Next, we remove some words have no meaning on their own and are useful for joining words together,like “for” or articles like “a” and “the”. In R, we have a dictionary of stopwords that allows us to quickly weed out unneccesary words.

Code

final_words <- land_tokens %>%
    anti_join(get_stopwords())

head(final_words, 20) %>%
    gt(caption = "Top 5 Words")

Top 5 Words
word
elder
sister
came
visit
younger
sister
country
elder
married
tradesman
town
younger
peasant
village
sisters
sat
tea
talking
elder
began

4 Analysis

4.1 Exploratory Analysis

To start the analysis we can count the occurrence of each key word in the story.

Code

final_words %>%
    count(word, sort = TRUE) %>%
    slice_head(n = 15) %>%
    gt(caption = "Prominent Words in the Short Story")

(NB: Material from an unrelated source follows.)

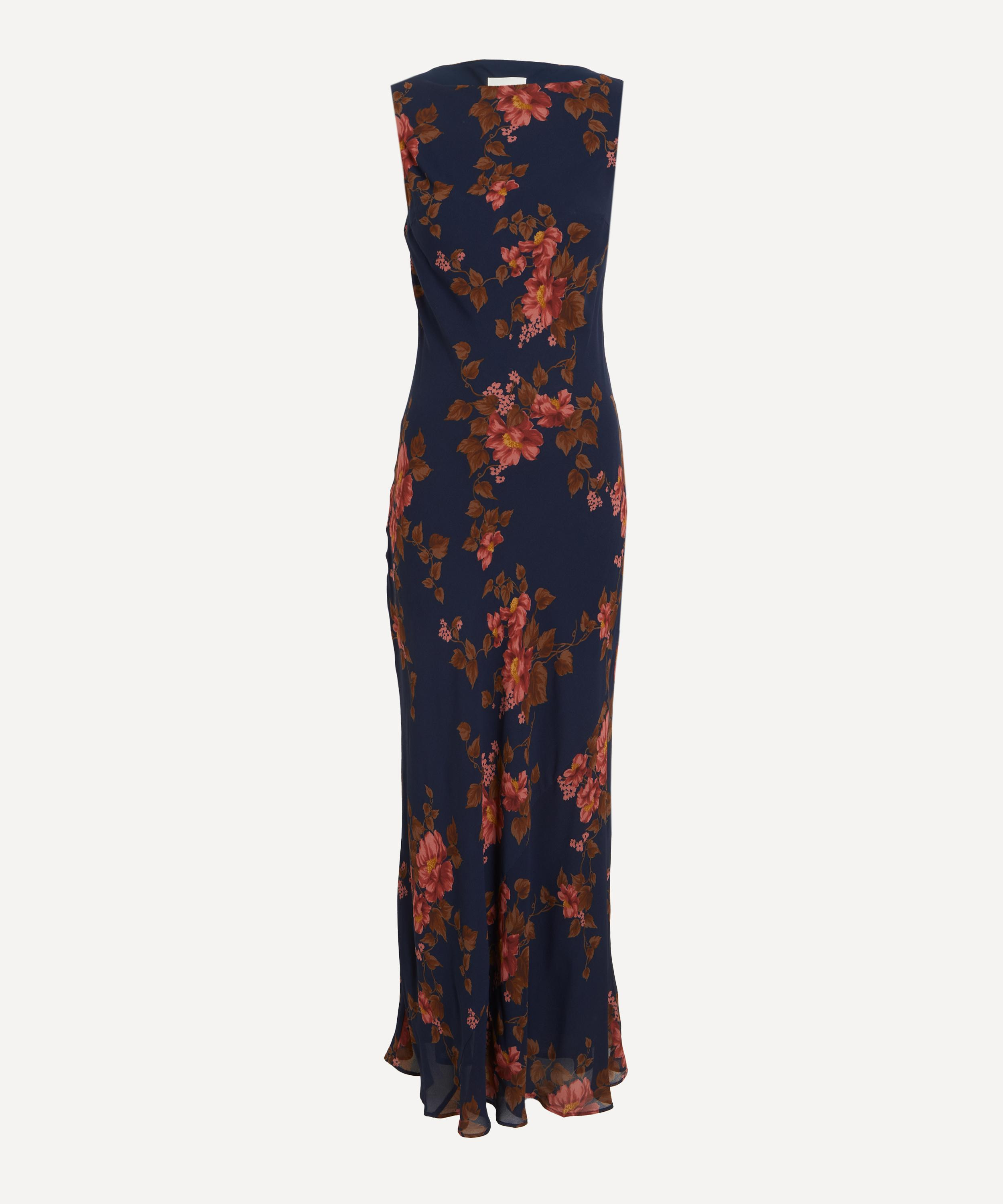 DETAILS Georgette maxi dress Slim fit Boat neckline Sleeveless SIZE & FIT Model is 175cm/5'9"; Chest 75cm; Waist: 23.5cm; Hip: 33.5cm and wears a size S COMPOSITION & CARE 100% Viscose Dry clean

Prominent Words in the Short Story
word	n
land	79
pahóm	79
one	38
thought	31
went	28
said	27
now	20
bashkírs	18
chief	18
go	18
day	16
much	16
sun	16
came	14
began	13

Clearly, this story is about Pahom and land given their prominence in the text. There are also thoughts that probably run through the mind of the main actor Pahom, but also the secondary players like the chief and the bashkírs. The remainder of the text captures the conversations and actions in the story.

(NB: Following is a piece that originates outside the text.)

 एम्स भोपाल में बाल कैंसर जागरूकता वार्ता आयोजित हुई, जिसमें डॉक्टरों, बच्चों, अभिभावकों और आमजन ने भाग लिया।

We plot the frequency of the 15 most used words in the short story.

Code

final_words %>%
    count(word, sort = TRUE) %>%
    slice_head(n = 15) %>%
    mutate(word = fct_reorder(word, n)) %>%
    ggplot(mapping = aes(x = word, y = n, size = n)) +
    geom_point(show.legend = FALSE) +
    ggthemes::theme_fivethirtyeight() +
    coord_flip() +
    labs(
        x = "", y = "Count",
        title = "Word Frequency"
    )

A word cloud is an alternative plot that shows the prominence of words in a piece of text. The merit of a word cloud is that it can visualize more words that a bar plot.

Code

final_words %>%
    wordcloud(
        scale = c(2.5, 0.5),
        random.order = FALSE,
        colors = brewer.pal(8, "Dark2")
    )

4.2 Sentiment Analysis

In this section, we estimate the average sentiment or emotional content of words in Tolstoy’s story. I have written a [separate article](https://rpubs.com/Karuitha/sentiment_star) on sentiment analysis (Karuitha 2022). In summary, there are several tools that allow for the estimation of sentiment. In R, the common sentiment analysis dictionaries are:

Bing
Afinn
Loughran
NRC

Please refere to the literature for each of these sentiment measures. In this case, we use the nrc dictionary. The nrc dictionary has 10 classes of sentiment listed below.

Code

get_sentiments("nrc") %>%
    count(sentiment) %>%
    pull(sentiment)

 [1] "anger"        "anticipation" "disgust"      "fear"         "joy"         
 [6] "negative"     "positive"     "sadness"      "surprise"     "trust"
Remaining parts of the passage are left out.